My teenage daughter is currently struggling with her faith. It breaks my heart. She has had many heartbreaks in her young life. Does anyone have a bible study or particular books in the bible that will help me bring her back to the Lord? I have always read daily devotionals some bible studies with my her. I feel like the words unfortunately fall on deaf ears now. I need something that can break through and reach her heart. Any recommendations would be so greatly appreciated.
Wow! This really hit home! But I have read the comments of the other ladies, and feel ok that I am not alone. I fall short every day and just this past weekend I used some language that was not right! I cried, and I appolozied to my 11 yr old daughter we hit heads all the time. But reading thru some comments here I feel ok that I am not alone. Thank you Courtney for your post and for letting God use you in such a great way for His Honor!
Thank you for this powerful and convicting post! I have a 15 month old and a 2 month old, so my stage of life is different. I can quote pull out the board games with them yet, but I know I need to try to instill kindness and goodness into my children. I read 20 minutes a day with my 15 month son -this is one of our favorite activities! He is a boy though and very active and sometimes mischievous. I need to work on when I’m exhausted from being up most of the night with 2 month old daughter still being kind and patient with my son. My husband is disabled from work injury and can’t help much with the children so the responsibility falls (rather heavily) on me. I really enjoy your posts of encouragement Courtney! You have spoken to my heart and showed me what I need to do! Thank you so much!
Thank you for sharing this TRUTH…..I was recently reminded by two of my adult children that they cherish their childhood and draw from it even though their children are almost adults now…memories of holidays and family times with their father and me seems a bolstering for them and I am so happy when I hear such lovely comments….I have just recently celebrated my 75th birthday…am a widow twice, but I am still very close with my four biological children, six inherited children (when I married their dad, Bill, we were together twenty years before he died); twenty-three grandchildren and sixteen great grandchildren…in all of this the words FAMILY and HOME are highlighted in my mind…..my second family children tell me they were thrilled when I married their dad and did such homey wonders in decorating and bringing joyful light into the house in which they grew up…they felt at PEACE knowing their dad was cherished by another as they cherished him……life is FAMILY always in some way…and the beautiful family I have been blessed with has been a win/win situation…..the priority is always acknowledgement and appreciation of each other and THAT provides the positive domino affect that reaches through with love and kindness toward a stable and growing future…thank you again for this post!

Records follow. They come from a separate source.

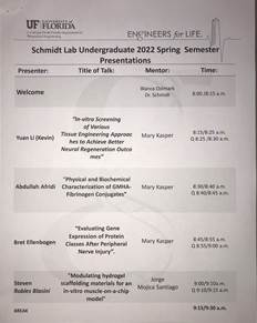 - Steven Robles Blasini (BME), “Modulating hydrogel scaffolding materials for an in-vitro muscle-on-a-chip model”; Mentor: Jorge Mojica Santiago
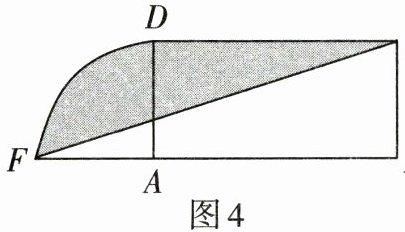 7. 一个商标图案如图4中阴影部分,在长方形ABCD中,AB= 8 cm,BC= 4 cm,以点A为圆心,AD为半径作圆与BA的延长线相交于点F,则商标图案的面积是(
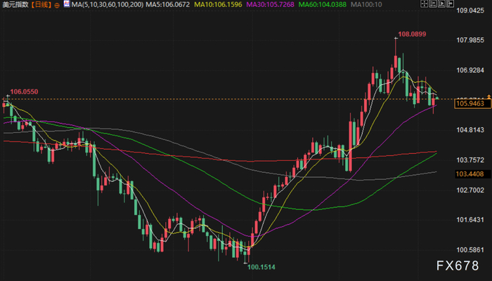 密西根大学 12 月调查显示,消费者信心上升幅度超过预期,同时一年期通胀预期从上月的 2.6% 升至 2.9%,美元应声收窄跌幅。午后交易中,美元指数 攀升 0.3%,至 106 ,此前一个交易日曾跌至三周最低,美元兑瑞郎上涨0.1%,报 0.8786 瑞郎。
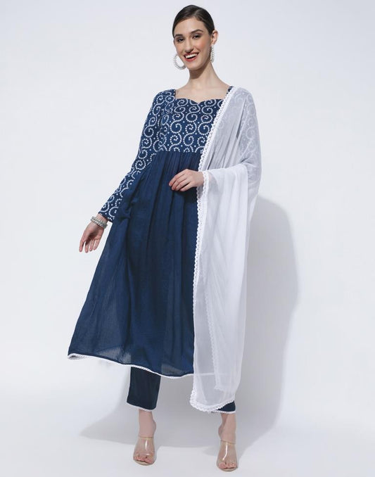 Teal Blue Printed Georgette A-Line Kurta With Pant And Dupatta
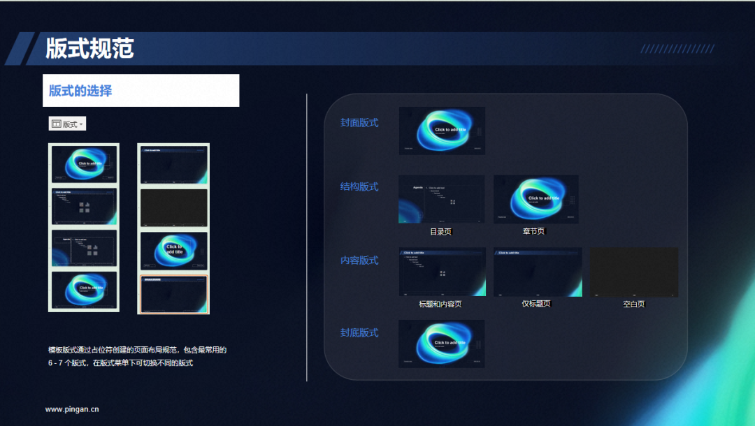 2️⃣ 固化版式结构:将封面、目录、过渡页、内容页、结束页等版式固定下来,确保 AI 生成的每一页都结构清晰、布局合理。
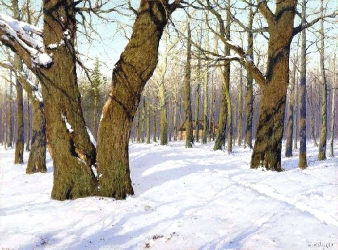Художнику удалось передать внутреннюю жизнь природы во всем ее богатстве: величественные деревья, отбрасывающие широкие тени, рыхлость и блеск снега, лесную тишину и строгий покой, и озаряющий это великолепие солнечный свет — предвестник будущей весны.
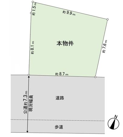 | 接道状況 | 南東側: 約 7.3m (公道) |
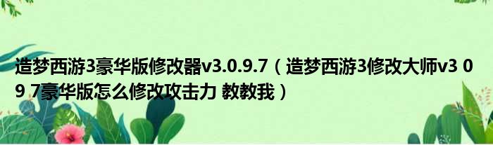 造梦西游3豪华版修改器v3.0.9.7(造梦西游3修改大师v3 0 9 7豪华版怎么修改攻击力 教教我)
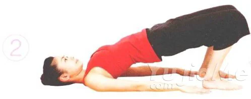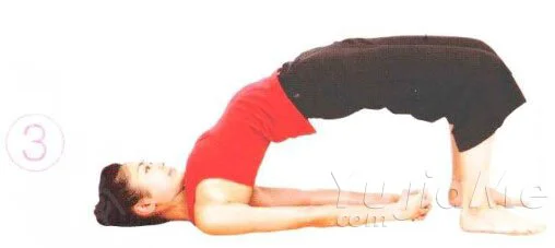 ③ 雙手緊握放在背部下方,盡量併攏肩胛骨。吸氣,抬升胸部,使骨盆再抬高一些。深呼吸3次。
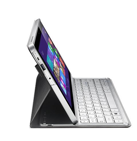 In that orientation, the P3 can be used either with the fingers or with a stylus; Acer will offer that separately, though the case will have a slot to store it in-between use. Connectivity includes a USB 3.0 port, HDMI, and a headphone socket, and there are Dolby Home Theater speakers and a 720p HD webcam on the front.
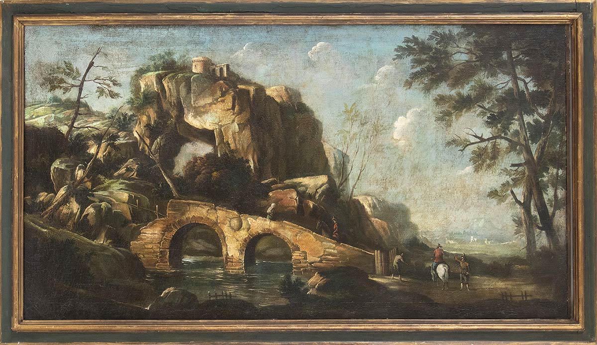 Paesaggio con ponte e viandanti
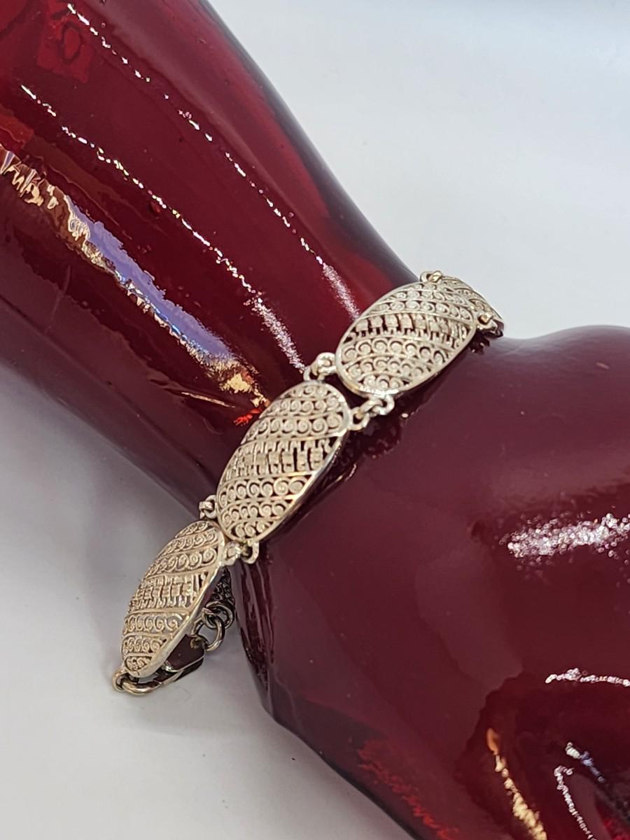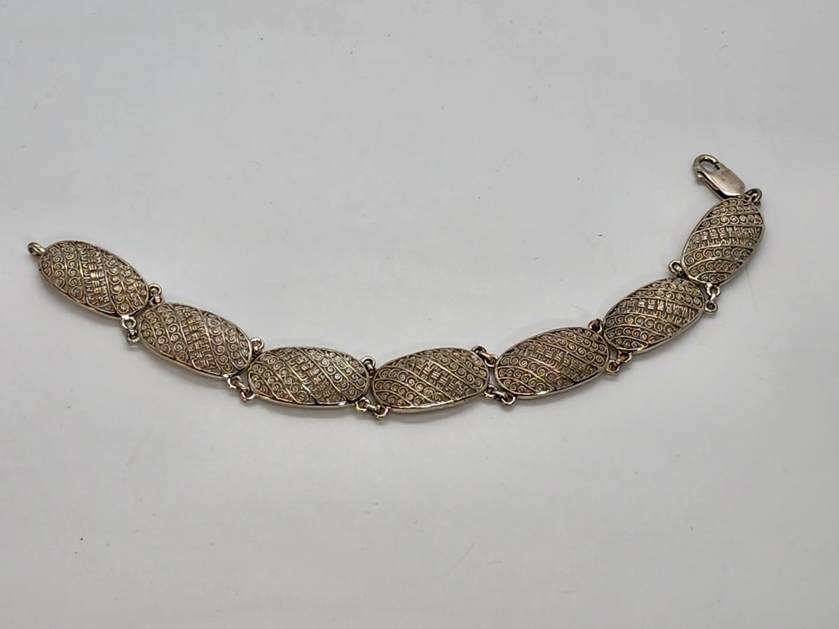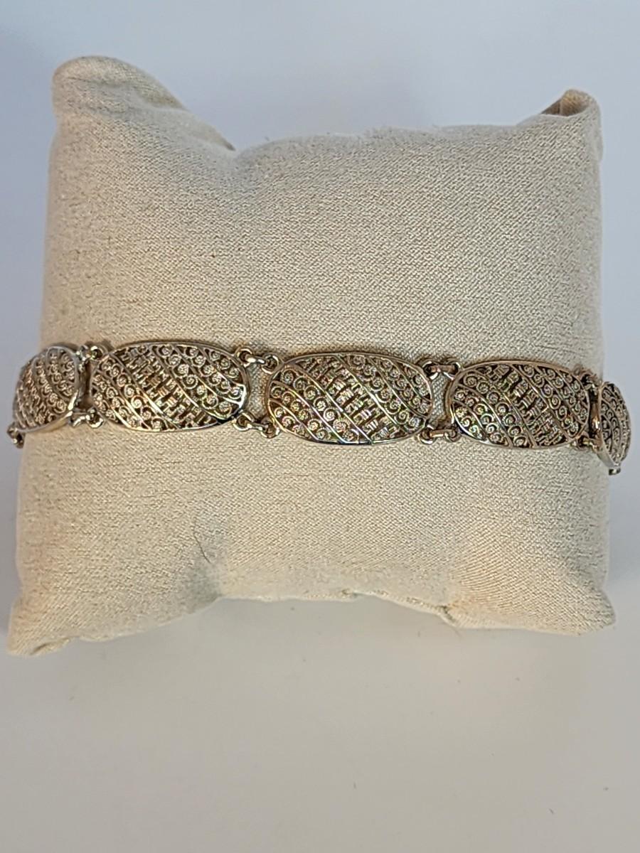 LOT 24:: Beautiful Sterling Filigree Link Bracelet Germany 7.5"L- 10.9g
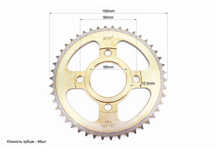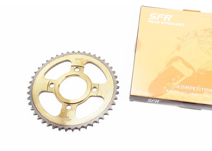 Зірка задня WY125 - 428-46Т - d=58; 4отв.*90mm "гартована" (ZS125J спиці) виробництва SFR

This really hit home. Beautiful post and thank you so much for sharing. It’s a reminder that by being kind to others we are being kind to the Lord and His children.
I am 51 years old with two grown kids and about to become a grandma, and this message is till relevant. It is so important to be mindful of the relationship you cultivate not only with your kids, but with your spouse. One day you will be an empty nester and this is when it all comes together. What we invest is what we will reap. Thanks again for your post, reminding us to make our house, a home.